Tammy Edwards was awarded 5.79 million dollars by a jury in Federal Court in Montgomery for sexual harrassment, negligent supervision, and retaliation.  The Birmingham News reported late Friday, the jury  awarded $795,000 in compensatory damages, $5 million in punitive damages against Hyundai, and $10,000 against a supervisor, Mike Swindle, who was sued in his individual capacity.   The facts of the case involve Swindle propositioning Edwards for oral sex, sex, and threatened to blow her husband's head off.  Swindle also blocked her was in the hall, bumped against her with his hands behind his back, hugged her and pulled her hair by grabbing her pony tail.  Edwards complained to one supervisor, who took no action although he admitted he knew that Swindle's behavior was often objectionable.  She also complained to another supervisor, who laughed it off and said that Swindle will tell you "stuff you don't want to hear".  For a more detailed explanation of the causes of action and the facts of the case, you can read Judge Thompson's order denying Hyundai's Motion For Summary Judgment dated March 27, 2009. 
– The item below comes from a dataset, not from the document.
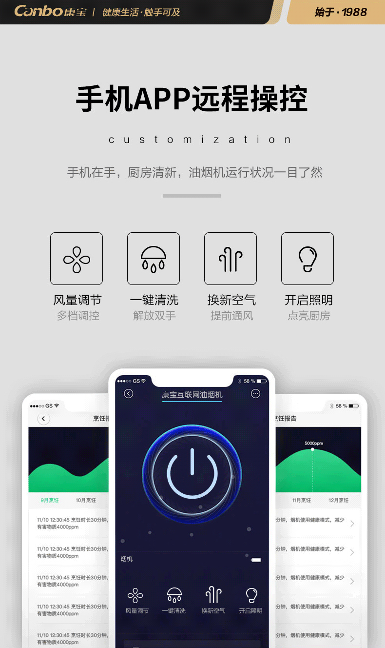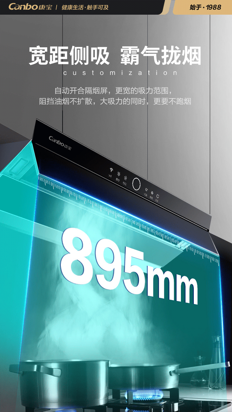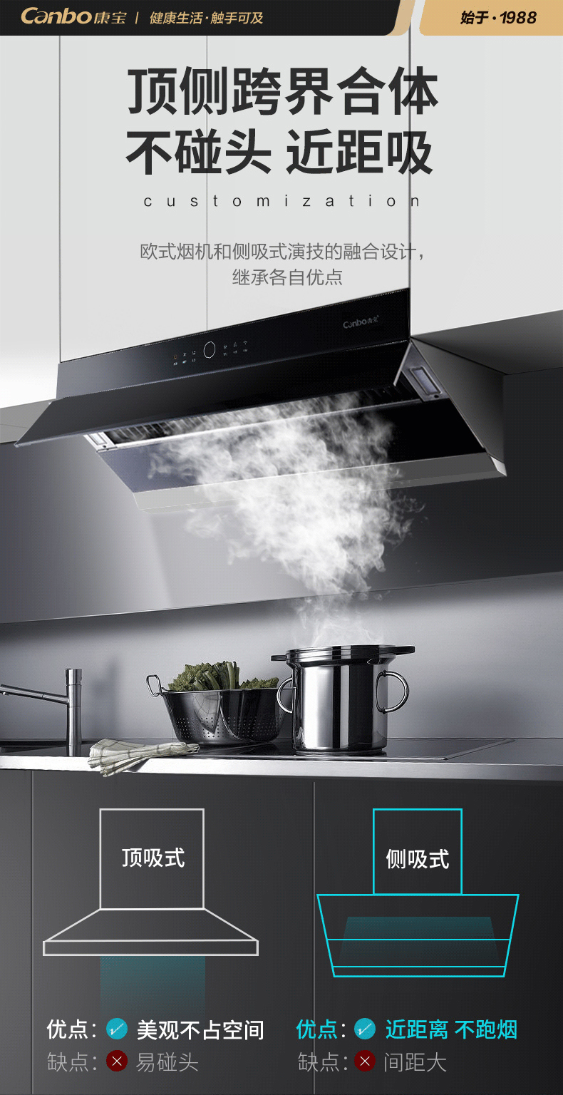 康宝(Canbo)欧式油烟 顶侧双吸 家用 厨房抽油烟 大吸力 WiFi手远程控制 自动清洗 CXW-280-AE9016(手APP控制)

This is a textbook case on what can and often does go wrong in the work place.  Edwards missed her sexual harassment training because she was out sick  There was no signed receipt showing that Edward's received the 47 page, single spaced policy manual.  Swindle was transferred to another position, but his physical location was actually closer to Edwards then before he was transferred.  Swindle continues to work at Hyundai.

Practice Pointer.  It is essential that all complaints of harassing behavior be treated seriously, a proper investigation take place, and the appropriate remedial measures be implemented.  For an interesting perspective on how the general public views these type of cases, I would highly recommned that you read the Birmingham News article and the comments from the readers. 

Supreme Court Issues Retaliation Opinion

After a relatively quiet 2008 session on employment related issues, the United States Supreme Court issued it's second employment related decision in the past 2 weeks.  Today, in Crawford v. Metropolitan Govt of Nashville, the Supreme Court decided that an employee, who responded to questions during an internal investigation is protected under the anti-retaliation provisions of Title VII.  Crawford, a 30 year employee, was questioned by a Metro Government HR manager during an internal investigation concerning rumors of sexual harassment by Mr. Hughes, the school district's employee relations director.  She responded that Hughes had sexually harassed her.  Crawford was terminated shortly thereafter for embezzlement.  She filed her suit under Title VII, alleging that she was retaliated against for reporting Hughes' behavior during the investigation.  Hughes was not disciplined at all.  The court found that the anti-retaliation provision of Title VII extends protection to an employee who speaks out about discrimination not on her own initiative, but in response to questions asked during an internal investigation.  The Court found her response was covered under the "opposition" clause as a disapproving account of Hughes' sexually obnoxious behavior toward her. 

Practice Pointer.  During the course of an investigation, it is imperative that the employer learn of what happened as quickly as possible.  Witnesses, in answering questions during an investigation, are protected by the anti-retaliation provisions of Title VII.  Before any adverse action is taken against a witness in an investigation, it is important to confer with HR and/or legal counsel to make sure that the action is not retaliatory.